(AIM OF THE TASK) Once "现代客餐厅3D模型下载" turns up in a line below, reproduce that line and those after it exactly, stopping after the line with "W tegorocznej Limanowskiej"; leave pictures out.

(EXERCISE DATA)
<<<<
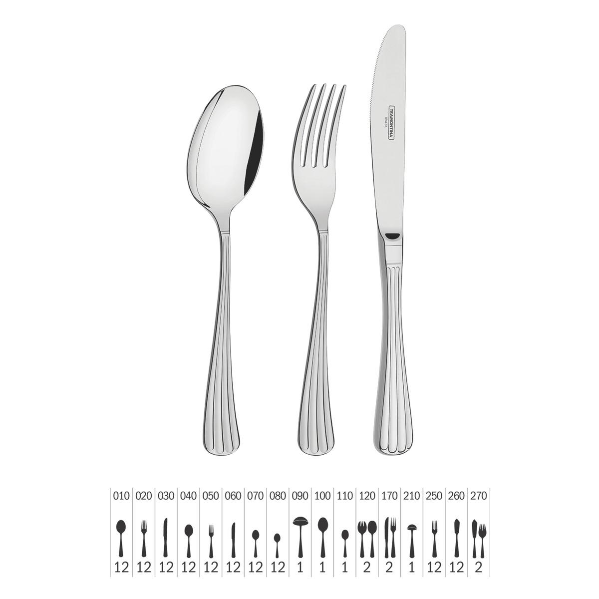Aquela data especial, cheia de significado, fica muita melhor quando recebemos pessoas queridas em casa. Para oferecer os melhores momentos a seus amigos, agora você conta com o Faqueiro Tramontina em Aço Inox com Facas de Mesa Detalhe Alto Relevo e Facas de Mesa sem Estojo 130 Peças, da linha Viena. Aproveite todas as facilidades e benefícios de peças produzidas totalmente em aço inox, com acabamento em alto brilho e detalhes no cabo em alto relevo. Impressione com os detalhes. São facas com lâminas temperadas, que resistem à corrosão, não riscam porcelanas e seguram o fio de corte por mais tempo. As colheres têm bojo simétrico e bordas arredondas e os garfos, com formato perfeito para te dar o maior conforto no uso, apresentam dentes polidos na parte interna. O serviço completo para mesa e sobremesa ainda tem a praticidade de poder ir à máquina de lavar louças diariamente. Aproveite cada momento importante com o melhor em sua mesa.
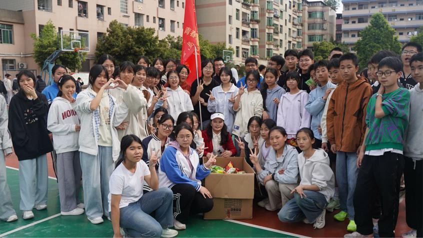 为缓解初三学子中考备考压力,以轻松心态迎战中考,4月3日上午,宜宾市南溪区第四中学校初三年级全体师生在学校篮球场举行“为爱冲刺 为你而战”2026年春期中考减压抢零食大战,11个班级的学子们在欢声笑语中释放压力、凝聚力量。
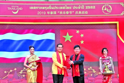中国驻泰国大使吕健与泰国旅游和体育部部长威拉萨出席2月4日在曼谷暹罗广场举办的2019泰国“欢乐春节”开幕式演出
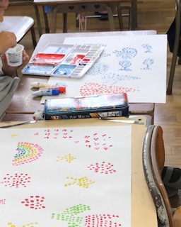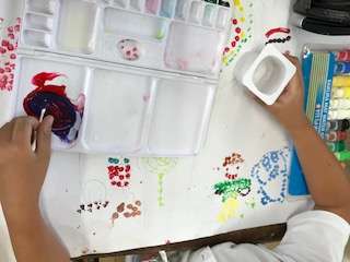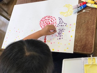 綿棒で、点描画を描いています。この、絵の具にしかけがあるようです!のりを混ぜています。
>>>>
<<<<
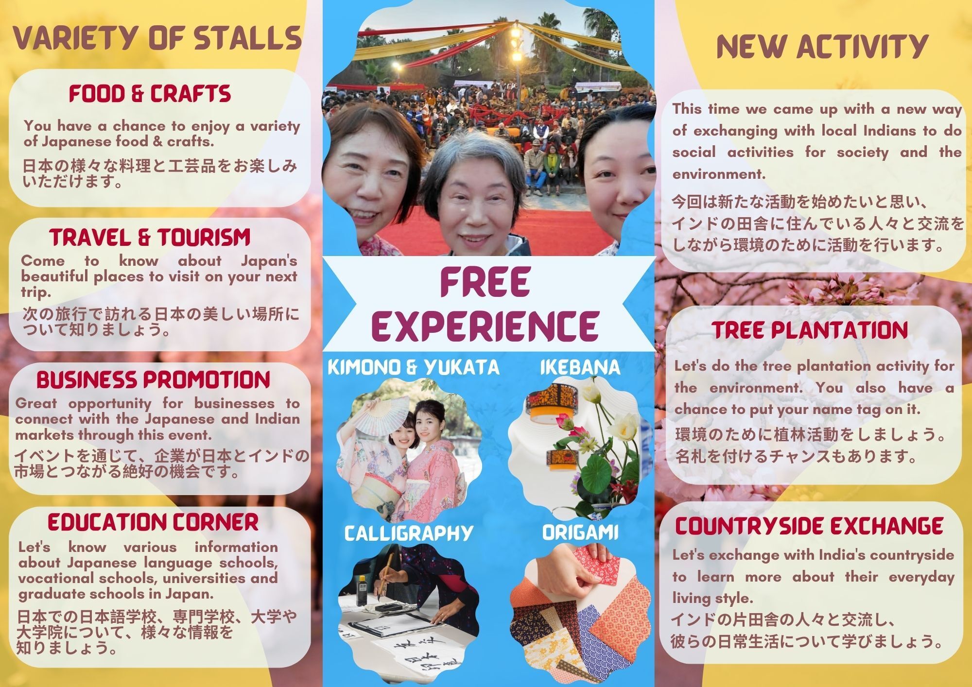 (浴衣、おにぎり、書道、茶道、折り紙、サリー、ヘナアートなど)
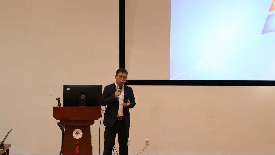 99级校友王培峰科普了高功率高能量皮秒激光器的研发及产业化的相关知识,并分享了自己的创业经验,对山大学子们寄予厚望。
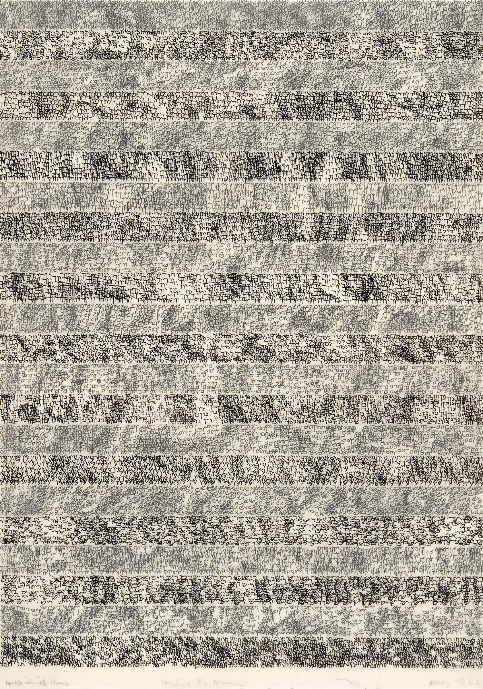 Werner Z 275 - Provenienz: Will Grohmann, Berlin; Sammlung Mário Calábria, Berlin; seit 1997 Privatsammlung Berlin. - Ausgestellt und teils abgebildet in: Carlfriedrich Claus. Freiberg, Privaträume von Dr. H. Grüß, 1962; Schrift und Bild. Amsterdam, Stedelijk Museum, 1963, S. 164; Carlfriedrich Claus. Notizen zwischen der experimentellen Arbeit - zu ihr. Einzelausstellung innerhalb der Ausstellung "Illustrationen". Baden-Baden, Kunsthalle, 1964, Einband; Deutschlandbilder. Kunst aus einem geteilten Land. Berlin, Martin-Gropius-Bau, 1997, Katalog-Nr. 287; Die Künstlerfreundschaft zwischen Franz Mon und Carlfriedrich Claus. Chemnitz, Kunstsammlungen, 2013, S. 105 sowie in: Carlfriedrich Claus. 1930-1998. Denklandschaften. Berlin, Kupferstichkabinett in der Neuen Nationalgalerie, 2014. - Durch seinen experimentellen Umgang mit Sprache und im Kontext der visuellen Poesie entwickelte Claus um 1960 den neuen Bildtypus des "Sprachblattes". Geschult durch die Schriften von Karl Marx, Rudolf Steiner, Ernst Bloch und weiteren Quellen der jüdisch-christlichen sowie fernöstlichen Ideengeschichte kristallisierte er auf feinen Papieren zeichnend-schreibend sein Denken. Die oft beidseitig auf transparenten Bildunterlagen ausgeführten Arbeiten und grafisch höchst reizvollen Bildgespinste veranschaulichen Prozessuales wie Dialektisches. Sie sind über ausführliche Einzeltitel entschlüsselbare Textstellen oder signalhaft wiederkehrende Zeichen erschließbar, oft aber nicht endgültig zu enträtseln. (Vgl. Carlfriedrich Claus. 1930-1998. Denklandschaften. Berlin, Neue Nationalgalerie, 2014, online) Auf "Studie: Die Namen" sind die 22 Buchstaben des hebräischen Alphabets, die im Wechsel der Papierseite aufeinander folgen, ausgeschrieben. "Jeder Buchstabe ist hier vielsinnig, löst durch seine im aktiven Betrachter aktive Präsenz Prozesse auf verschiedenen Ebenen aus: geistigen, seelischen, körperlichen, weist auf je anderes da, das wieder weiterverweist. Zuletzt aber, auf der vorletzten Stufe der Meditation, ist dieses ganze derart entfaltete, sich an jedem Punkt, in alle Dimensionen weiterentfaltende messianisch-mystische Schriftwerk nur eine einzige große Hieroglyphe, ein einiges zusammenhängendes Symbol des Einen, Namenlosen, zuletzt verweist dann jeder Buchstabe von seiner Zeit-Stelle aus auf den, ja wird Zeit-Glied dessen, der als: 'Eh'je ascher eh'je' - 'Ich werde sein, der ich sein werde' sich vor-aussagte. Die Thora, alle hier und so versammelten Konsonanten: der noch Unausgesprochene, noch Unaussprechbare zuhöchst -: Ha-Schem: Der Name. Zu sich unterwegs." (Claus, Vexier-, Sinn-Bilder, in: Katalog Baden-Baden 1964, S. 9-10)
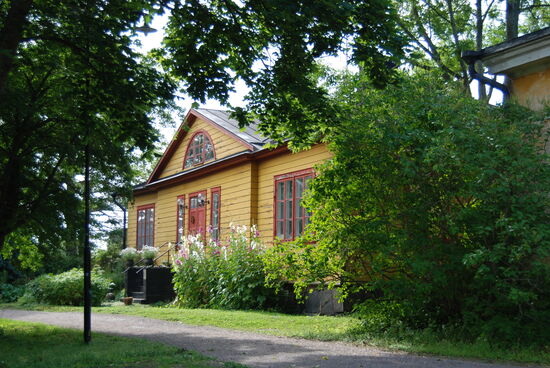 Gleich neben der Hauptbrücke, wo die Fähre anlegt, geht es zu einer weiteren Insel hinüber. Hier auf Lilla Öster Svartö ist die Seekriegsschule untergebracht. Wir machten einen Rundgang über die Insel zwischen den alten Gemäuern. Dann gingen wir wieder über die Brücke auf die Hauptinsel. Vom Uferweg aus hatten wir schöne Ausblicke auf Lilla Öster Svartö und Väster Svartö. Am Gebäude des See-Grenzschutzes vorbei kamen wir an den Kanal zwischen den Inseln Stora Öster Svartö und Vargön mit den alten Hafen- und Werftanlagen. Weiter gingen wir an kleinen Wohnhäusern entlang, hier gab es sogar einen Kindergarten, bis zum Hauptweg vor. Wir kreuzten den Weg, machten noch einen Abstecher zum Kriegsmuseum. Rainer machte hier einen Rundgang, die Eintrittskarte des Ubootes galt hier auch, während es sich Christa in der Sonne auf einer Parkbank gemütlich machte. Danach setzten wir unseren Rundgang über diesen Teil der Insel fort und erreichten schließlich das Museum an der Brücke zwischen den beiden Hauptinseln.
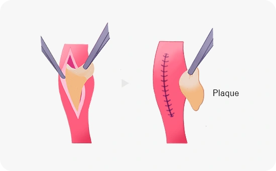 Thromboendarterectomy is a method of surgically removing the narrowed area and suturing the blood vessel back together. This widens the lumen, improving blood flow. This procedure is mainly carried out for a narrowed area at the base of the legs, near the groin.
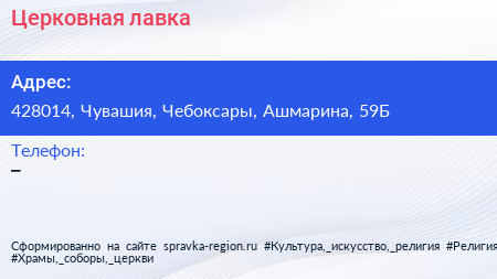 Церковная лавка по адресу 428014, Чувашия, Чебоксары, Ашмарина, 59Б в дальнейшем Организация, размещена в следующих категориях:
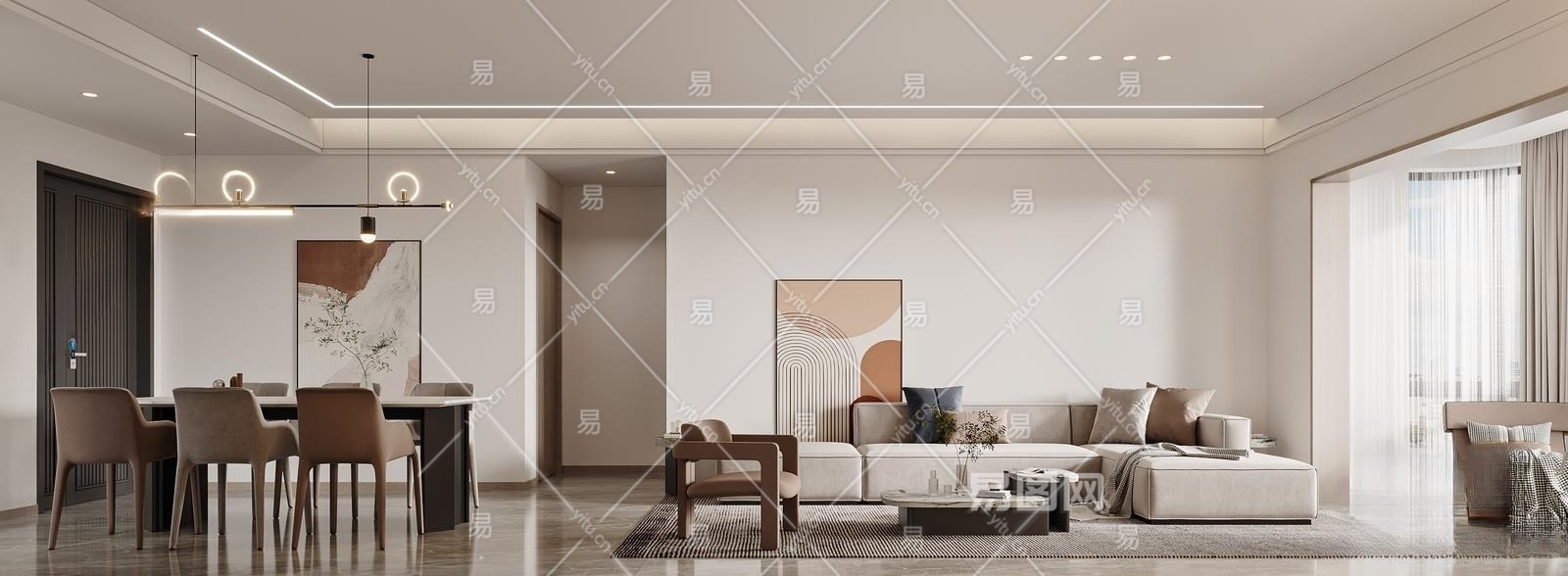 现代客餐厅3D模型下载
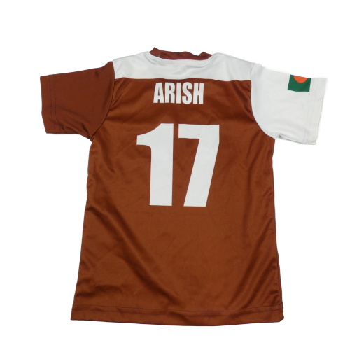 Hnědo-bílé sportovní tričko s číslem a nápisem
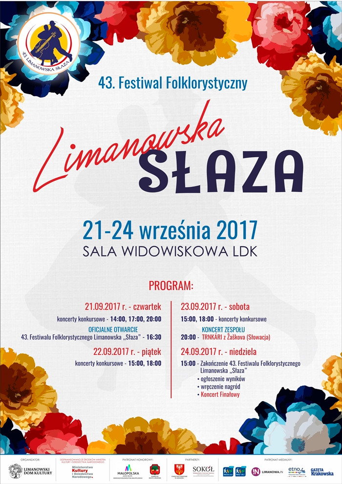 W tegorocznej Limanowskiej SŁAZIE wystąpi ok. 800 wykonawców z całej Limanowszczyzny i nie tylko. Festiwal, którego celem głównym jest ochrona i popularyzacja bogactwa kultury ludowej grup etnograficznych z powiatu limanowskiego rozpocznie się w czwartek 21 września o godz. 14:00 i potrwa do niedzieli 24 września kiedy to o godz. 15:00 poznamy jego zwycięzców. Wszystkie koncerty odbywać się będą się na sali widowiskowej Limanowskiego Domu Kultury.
>>>>
<<<<
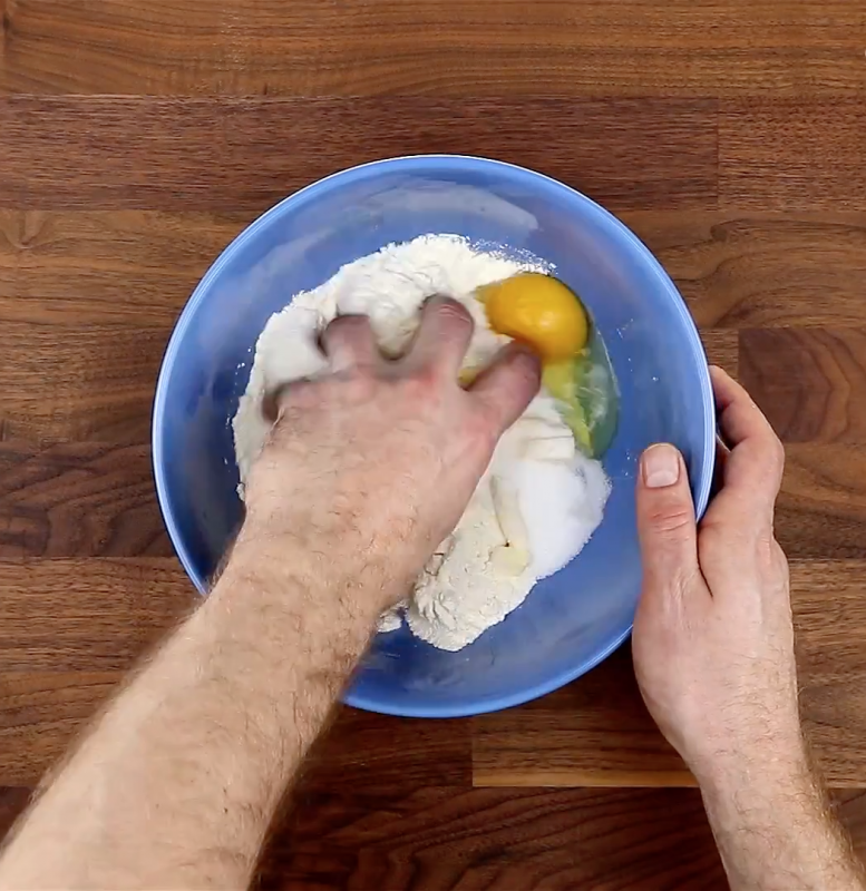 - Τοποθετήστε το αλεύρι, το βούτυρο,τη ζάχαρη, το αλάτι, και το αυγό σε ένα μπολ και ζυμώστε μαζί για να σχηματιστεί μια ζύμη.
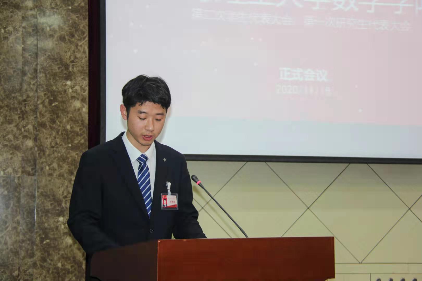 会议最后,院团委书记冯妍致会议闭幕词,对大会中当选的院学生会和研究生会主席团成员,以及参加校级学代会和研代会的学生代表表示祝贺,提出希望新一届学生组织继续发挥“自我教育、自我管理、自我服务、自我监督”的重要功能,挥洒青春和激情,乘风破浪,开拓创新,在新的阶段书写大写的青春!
>>>>
(REPLY)
 现代客餐厅3D模型下载
 Hnědo-bílé sportovní tričko s číslem a nápisem
 W tegorocznej Limanowskiej SŁAZIE wystąpi ok. 800 wykonawców z całej Limanowszczyzny i nie tylko. Festiwal, którego celem głównym jest ochrona i popularyzacja bogactwa kultury ludowej grup etnograficznych z powiatu limanowskiego rozpocznie się w czwartek 21 września o godz. 14:00 i potrwa do niedzieli 24 września kiedy to o godz. 15:00 poznamy jego zwycięzców. Wszystkie koncerty odbywać się będą się na sali widowiskowej Limanowskiego Domu Kultury.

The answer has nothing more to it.